When performing a DKP upgrade, you may notice a standard timeout error during the step where you upgrade Kubernetes on the worker nodes:
unable to update node pool: error while waiting for node pool to be ready: timed out waiting for the condition
Solution
On further inspection of the capi-controller-manager pod logs, you may notice a pod disruption error:
XXXXX XX:XX:XX 1 machine_controller.go:619] "error when evicting pods/\"rook-ceph-osd-0-xxxxxxxxx-xxxxx\" -n \"kommander\" (will retry after 5s): Cannot evict pod as it would violate the pod's disruption budget.\n" controller="machine" controllerGroup="cluster.x-k8s.io" controllerKind="Machine" Machine="default/konvoynode-md-0-xxxxxxxxxx-xxxxx" namespace="default" name="konvoynode-md-0-xxxxxxxxxx-xxxxx" reconcileID=xxxxxxxx-xxxx-xxxx-xxxx-xxxxxxxxxxx MachineSet="default/konvoynode-md-0-xxxxxxxxxx" MachineDeployment="default/konvoynode-md-0" Cluster="default/konvoynode" Node="nodename.my.domain"
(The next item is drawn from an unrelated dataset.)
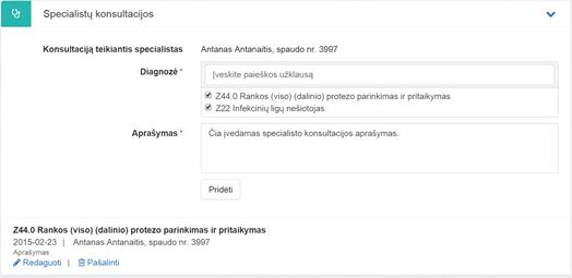 specialisto konsultaciją (‑as). Įrašas pridedamas užpildžius privalomus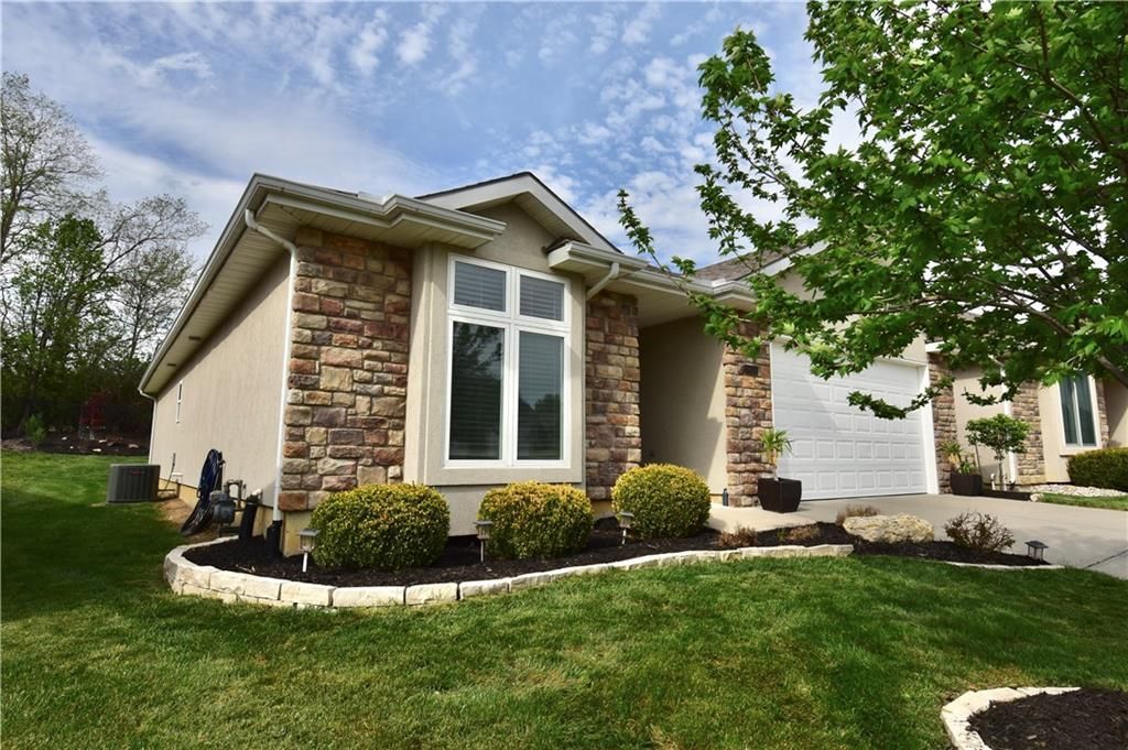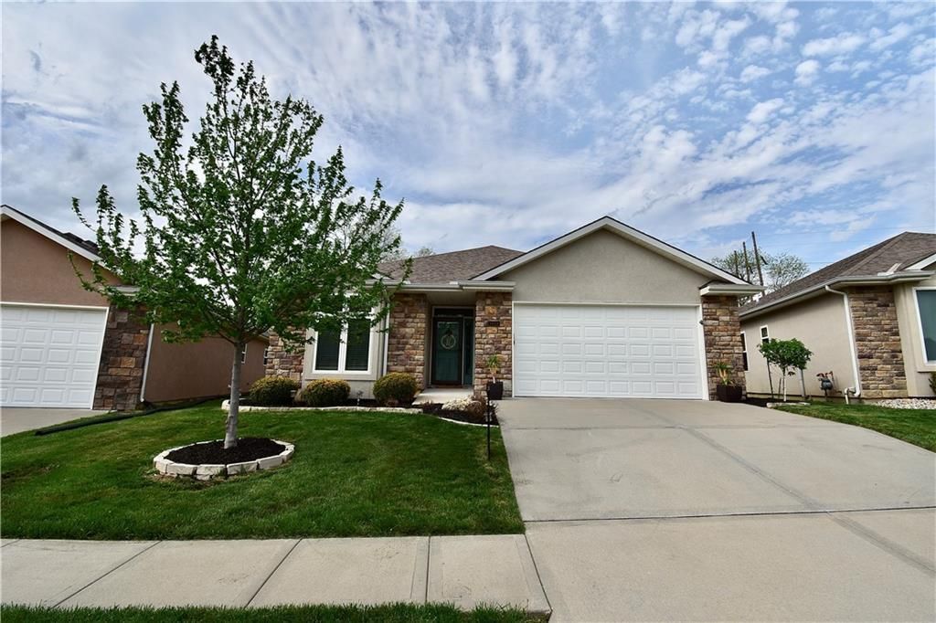 Beautifully updated reverse 1.5 Story on a quiet cul-de-sac in Liberty w/CRAZY LOW HOA fees of JUST $67/month! This well-maintained, 10-year-old home offers approximately 2,600 sq ft of finished living space plus aprox. 900 sqft in the lower level. Seller spent $80,000+ in upgrades completed in the past two years. HOME Designed for easy main-level living, this home features zero-entry access, wider doorways, & low-profile step-in showers. Open floor plan showcases fresh interior paint, new hardwood floors, natural color, throughout the entry, living, dining, and kitchen areas, and a stylish board-and-batten accent wall, refrigerator stays! Kitchen is both functional and inviting with a granite peninsula island, full-extension drawers, pull-out shelving, and all-new lighting. The primary suite offers a spa-like retreat with a fully remodeled bathroom featuring Carrara marble finishes, frameless glass shower, tiled floors, and trendy built-in shelving. The main level includes a total of two bedrooms, a second full bath with linen closet, and a spacious laundry room with additional storage. All new Lighting, new stair carpet, & carpet in 1 bdrm. The recently finished lower level expands the living space w/luxury LVP flooring, large family room w/custom built-ins, a stunning 7-foot bar w/Carrara marble, two additional bedrooms (one non-conforming), walk-in closets, a full bathroom & plentiful storage space. Enjoy nearly 400 sq ft of outdoor living space, including a covered patio and extended paver patio with a lighted sitting wall?perfect for relaxing or entertaining?backing to a private tree-line w/ frequent wildlife & beautiful sunsets. HOA does allow fencing! Ideally located just minutes from Liberty Hospital, I-35, 291, and 152, offering quick access to downtown Kansas City and KCI Airport. Maintenance-provided community includes lawn care and snow removal for ONLY $67.00 A Month! HOA has SURPLUS! balance! Liberty School District! Sellers closing date is FLEXIBLE!

If you inspect the Describe output for the rook-ceph-mon pods, you may then see the actual cause for why the OSD pods can not be evicted:
"message": "0/6 nodes are available: 1 node(s) had untolerated taint {node.kubernetes.io/unschedulable: }, 1 node(s) were unschedulable, 2 node(s) didn't match pod anti-affinity rules, 3 node(s) had untolerated taint {node-role.kubernetes.io/control-plane: }, 5 node(s) had volume node affinity conflict. preemption: 0/6 nodes are available: 6 Preemption is not helpful for scheduling."
This is a result of there not being enough nodes for rook-ceph to continue to run in a healthy state while one node is being drained for an upgrade. Usually this is a result of running a DKP cluster with fewer than four worker nodes. At least four worker nodes is a requirement to run DKP.